Дело, увы, упиралось в деньги, Коля как раз не валялся на тех матрасах, а вот Сашка из Новосибирска разлагался там, однако деньги свои, сумму круглую, сдал на хранение моей Н. Деньги у них там, на матрасах, кончились, и меня вызвали на разговор. Сашка, Витька и буйный Митрошкин лежа смотрели на меня волками, требуя денег. Я сказал, что не дам. Потому что видел: Сашке этого не очень-то и хотелось. То есть хотелось, да не очень.
Сашка с белыми глазами покрыл меня последними словами. Буйный Митрошкин – черная челка накось, борода торчком, прямой ушкуйник – поднялся меня бить. Этот Митрошкин был известен тем, что когда-то послал телеграмму в то ли краевую, то ли районную газету – о своей смерти, и там был напечатан некролог с крокодильими слезами. Он потом, через годы, покончил с собой, выйдя из окна на 10-м этаже.
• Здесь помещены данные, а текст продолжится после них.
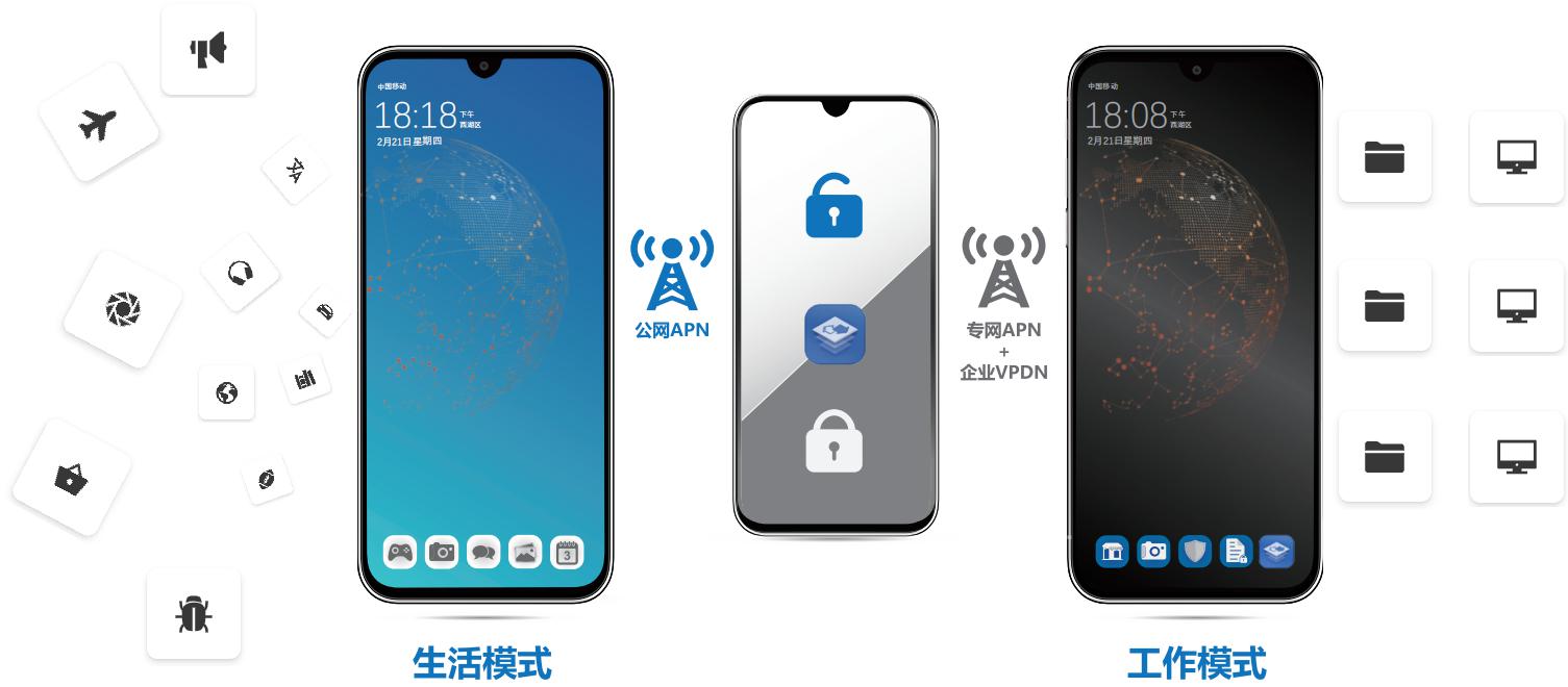 采用安卓虛擬化、數(shù)據(jù)一機(jī)一密和底層接口控制技術(shù),并自有一套安全防護(hù)機(jī)制,實(shí)現(xiàn)業(yè)務(wù)應(yīng)用隔離,進(jìn)入工作環(huán)境終端進(jìn)行安全自檢,防止非法攻擊、用戶(hù)無(wú)意操作泄露、網(wǎng)絡(luò)環(huán)境自動(dòng)切換、落地?cái)?shù)據(jù)自動(dòng)加密、截屏拷貝選擇性禁止、通信信息隔離,同時(shí)退出安全域工作環(huán)境后進(jìn)行工作痕跡清理、日常網(wǎng)絡(luò)自動(dòng)恢復(fù),實(shí)現(xiàn)用戶(hù)工作和生活的無(wú)縫無(wú)感銜接,并且切實(shí)保證用戶(hù)數(shù)據(jù)安全,提高用戶(hù)工作效率,保證用戶(hù)安全。該產(chǎn)品廣泛運(yùn)用于在廣東檢察院、法院等政務(wù)領(lǐng)域,并獲得了良好用戶(hù)體驗(yàn)和數(shù)據(jù)防護(hù)效果。

Драки не случилось: я ускользнул. Поздно вечером я сидел на седьмом этаже у Миши Асламова из Хабаровска, учившегося на Высших литературных курсах, мы пили чай. Зашел Сашка, стал плакать и просить у меня прощения, я простил, он выпил чая и ушел. Немного погодя, уже глубокой ночью, в дверь постучали, влезло лицо Рубцова: Миша, пойдем пошепчемся. Миша вернулся обескураженный, я спросил: что такое?
– Просит одеколону.
Сашку с Витькой я нашел в первой половине 60-х во Владивостоке по письму от Ильи Фонякова из Новосибирска. Илья писал: у вас там служат на флоте два талантливых поэта, найди их.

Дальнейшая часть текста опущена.